Editor who approved publication: Prof. Dr. Geoffrey Pietersz


Weizi Hu,1–3,* Chunli Tan,1–3,* Yunjie He,4 Guangqin Zhang,2 Yong Xu,3,5 Jinhai Tang1

1Department of General Surgery, The First Affiliated Hospital of Nanjing Medical University, 2School of Basic Medicine and Clinical Pharmacy, China Pharmaceutical University, 3Nanjing Medical University Affiliated Cancer Hospital, 4The First Clinical School of Nanjing Medical University, 5Jiangsu Key Lab of Cancer Biomarkers, Prevention and Treatment, Nanjing Medical University, Nanjing, People’s Republic of China

*These authors contributed equally to this work

Abstract: Owing to improved early surveillance and advanced therapy strategies, the current death rate due to breast cancer has decreased; nevertheless, drug resistance and relapse remain obstacles on the path to successful systematic treatment.
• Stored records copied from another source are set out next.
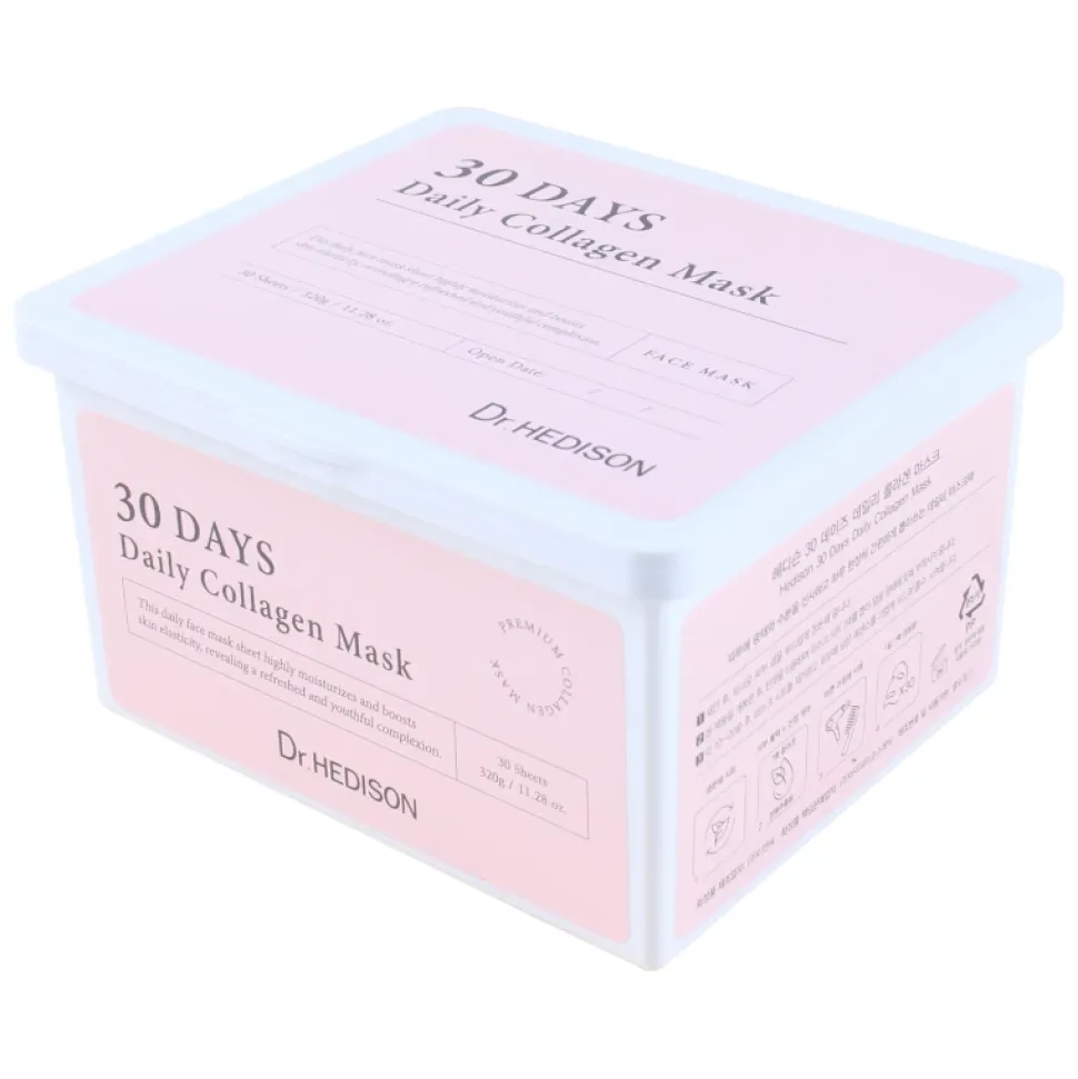 Dr.HEDISON 30 Days Daily Collagen Mask to innowacyjne podejście do codziennej pielęgnacji – jedno opakowanie zawiera aż 30 nasączonych maseczek z kolagenem, które zapewniają intensywne nawilżenie, wygładzenie i poprawę jędrności skóry. Dzięki wygodnej formie i dołączonej pęsecie możesz sięgnąć po świeżą maseczkę każdego dnia, nie tracąc czasu na zbędne kroki pielęgnacyjne. Formuła oparta jest na 7-typowym kompleksie kolagenowym, pantenolu, niacynamidzie oraz kompleksie pięciu kwasów hialuronowych – dla efektu widocznego odmłodzenia, rozświetlenia i dogłębnego nawilżenia. Maseczki wykonano z wegańskiego, biodegradowalnego materiału NudeCell (celuloza roślinna), który idealnie przylega do skóry i pozwala jej „oddychać” nawet przy dłuższym stosowaniu.
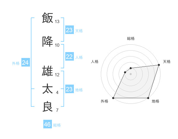 飯降 雄太良さんを姓名の画数から五運を鑑定
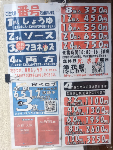 先日、アフター万博のイベントで長居植物園へ訪れた際、ミシュランにも掲載されたことがあるたこ焼きの人気店「浪花屋」を覗いてみたら、10人程度の行列だったのでテイクアウトする事にしました。
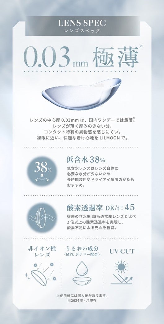 LILMOON(リルムーン)「0.03シリーズ」は、全度数レンズの中心厚が0.03mmで、国内ワンデーでは最薄※3です。レンズが薄く厚みが少ない分、まるで裸眼のような快適な付け心地でコンタクト特有の異物感を感じにくいです。
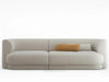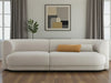 Featuring RedOAK® CHARM sofa is a sleek, contemporary "cloud" style sofa defined by soft, rounded edges and a low-profile silhouette. It is upholstered in a light beige fabric, featuring continuous, flowing lines where the arms and back wrap around the seating platform. The overall design emphasizes comfort and minimalism, with no exposed legs, giving it a solid, grounded look. It includes two simple accent pillows.
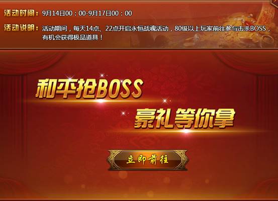 【活动内容】活动期间,每天14点、22点开启永恒战魂活动,80级以上玩家前往参与击杀boss,有机会获得专业品牌道具!
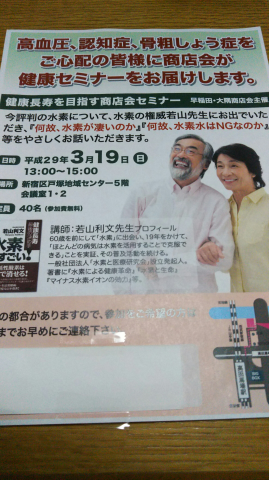 物を売ったり買ったりサービスを提供するだけが商店会 の仕事ではないし、望まれている事でもありません。 地域の安全と安心を担保するのも商店会の大事な仕事です。 その具体的な活動として本日(3/19)、高田馬場の戸塚地域センターを会場にして「健康長寿を目指す商店会セミナー」を開催しました。 ※早稲田商店会・大隈通り商店会主催です。 【チラシの写真】 トップに「高血圧、認知症、骨粗しょう症をご心配の皆様に 商店会が健康セミナーをお届けします。」と書きました。 【商店会健康セミナーの写真】 講師は水素の権威、若山利文先生です。 26名の皆さんに熱心に聞いていただきました。 |
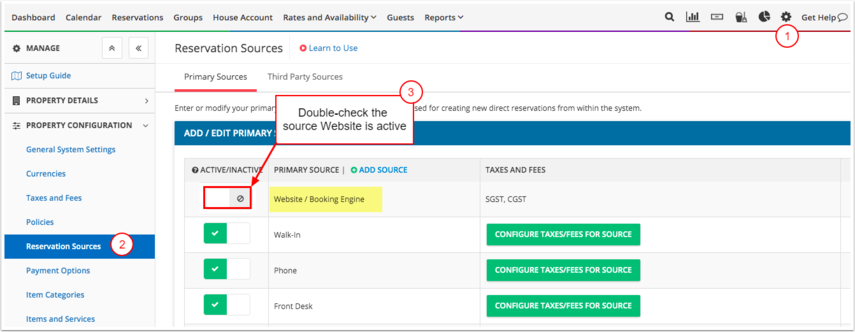 Rezervasyon Kaynakları ayarlarında Web Sitesi kaynağının etkin olup olmadığını kontrol et.
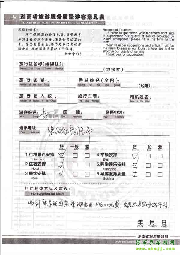 - 游客夏先生為表揚導游李姣姣寫來表揚信致我張家界... [14811]
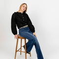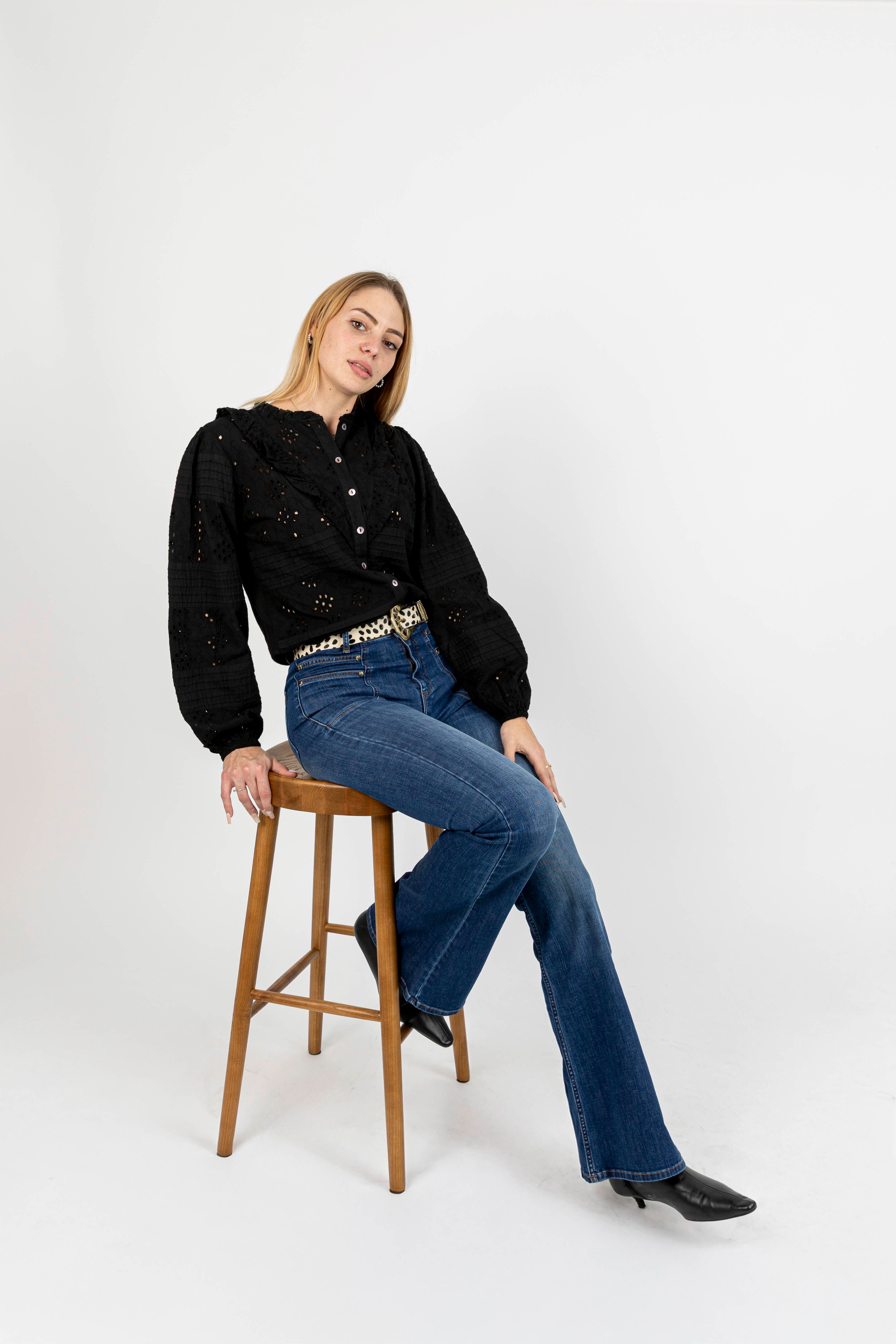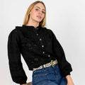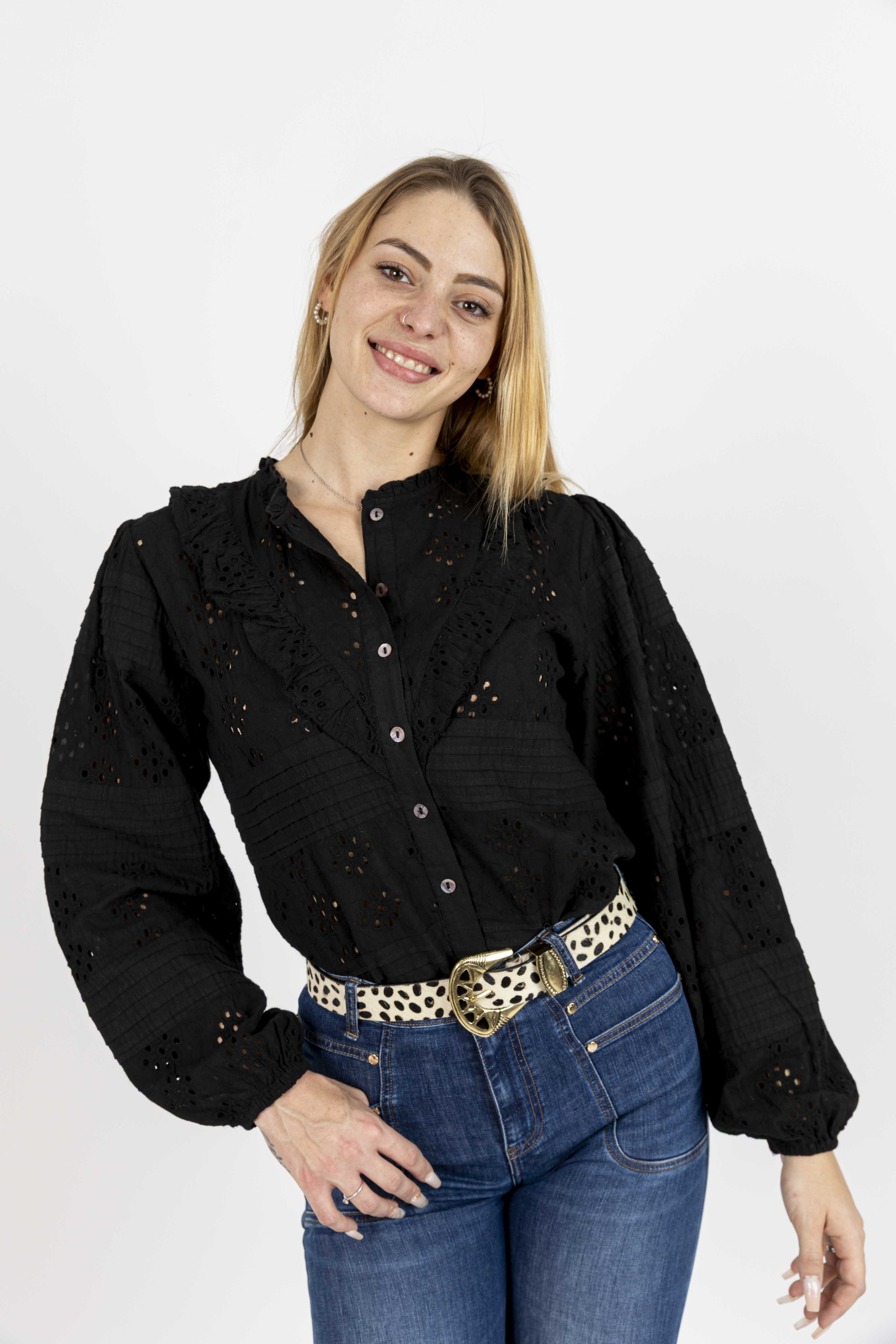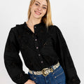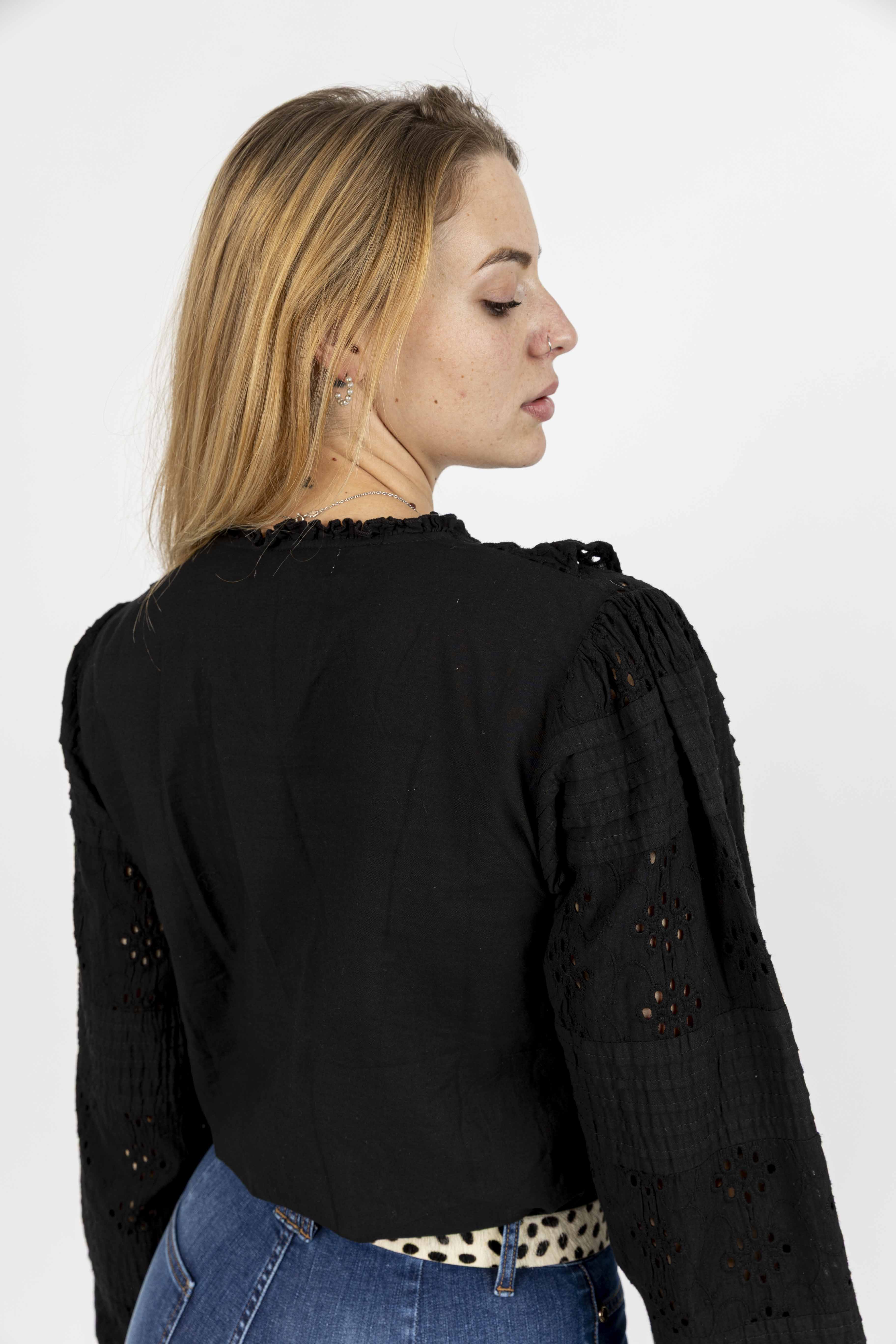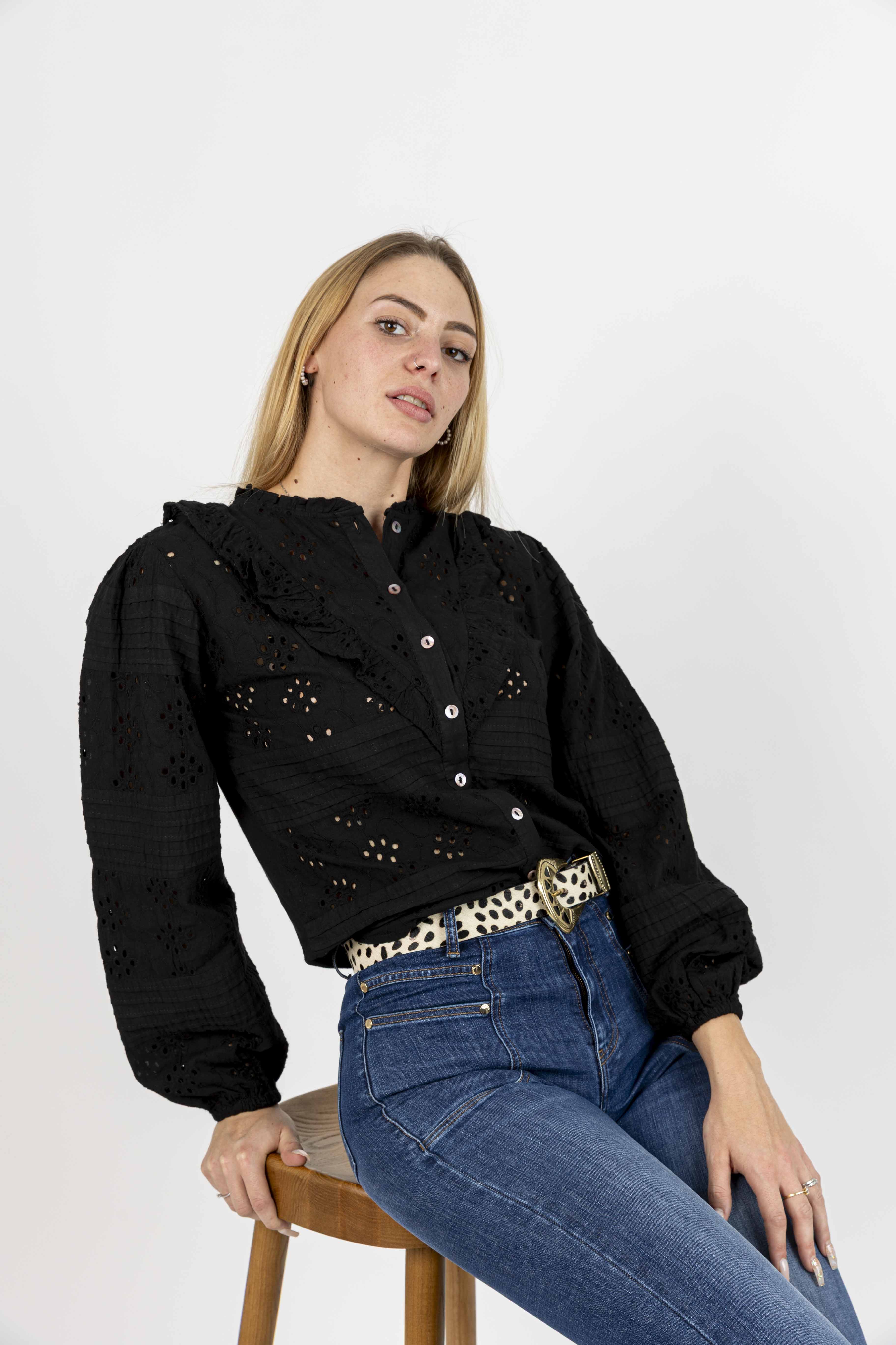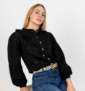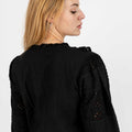 Eleva tu estilo con esta blusa negra de encaje bordado estilo romántico, una prenda versátil y atemporal que no puede faltar en tu armario. Confeccionada en tejido ligero tipo broderie anglaise, presenta delicados calados florales, volantes en el pecho y mangas largas ligeramente abullonadas que aportan un aire femenino y sofisticado.

Multiple mechanisms responsible for drug resistance have been elucidated, and miRNAs seem to play a major part in almost every aspect of cancer progression, including tumorigenesis, metastasis, and drug resistance. In recent years, exosomes have emerged as novel modes of intercellular signaling vehicles, initiating cell–cell communication through their fusion with target cell membranes, delivering functional molecules including miRNAs and proteins. This review particularly focuses on enumerating functional miRNAs involved in breast cancer drug resistance as well as their targets and related mechanisms. Subsequently, we discuss the prospects and challenges of miRNA function in drug resistance and highlight valuable approaches for the investigation of the role of exosomal miRNAs in breast cancer progression and drug resistance.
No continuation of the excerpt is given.